Mukhtar Masood (15 December 192615 April 2017) was a renowned Pakistani Urdu writer and bureaucrat.

Early life and career
Born in Sialkot, Punjab, British India on 15 December 1926, to Shaikh Ataullah (1896 - 1968), a well-known literary scholar and professor of economics at the Aligarh Muslim University originally from Jalalpur Jattan in the Gujrat district of Punjab, Masood was a graduate of the Aligarh Muslim University as well in 1948. He migrated to Pakistan after partition of India in 1948. In 1949, he passed Central Superior Services (CSS) examination and went on to serve at different important positions such as commissioner and federal secretary.

During his career, he served as chairman of the Pakistan Industrial Development Corporation (PIDC), chairman of the Agricultural Development Bank of Pakistan and secretary-general of the Regional Cooperation for Development (RCD).

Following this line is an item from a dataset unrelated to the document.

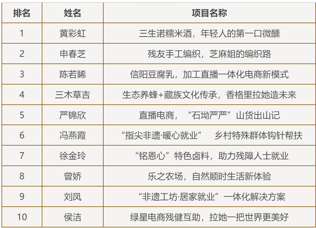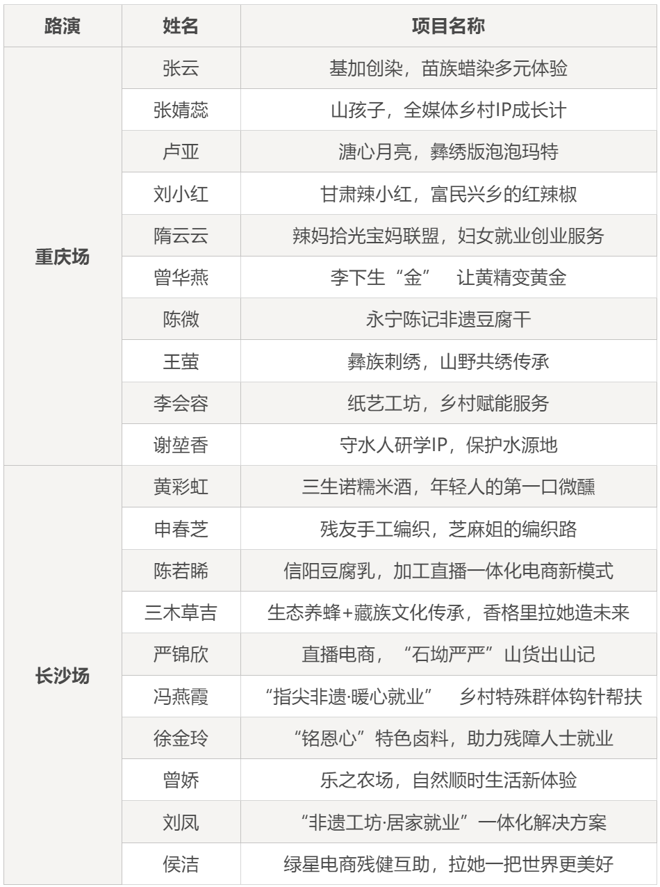 更多姐妹演讲内容将在绿芽视频号持续推出,欢迎关注!最终,以下10名姐妹脱颖而出,她们将和重庆场的10名姐妹一同进入木兰乡创汇全国巅峰对决,敬请期待!

He wrote four books – Awaz-e-Dost, Safer Naseeb, Harf-e-Shouq, Loh-e-Ayyam – all of which are highly regarded in literary circles of Pakistan for their elegant prose and immaculate style. His last book was Harf-i-shouq that was published in July 2017.

Playwright Asghar Nadeem Syed reportedly said, "Mukhtar Masood was a great writer with a style similar to Qudratullah Shahab. His writings incorporated a spiritual colour, but the best thing about his work was the information it contained. He was fond of study which is why whatever he wrote was very comprehensive".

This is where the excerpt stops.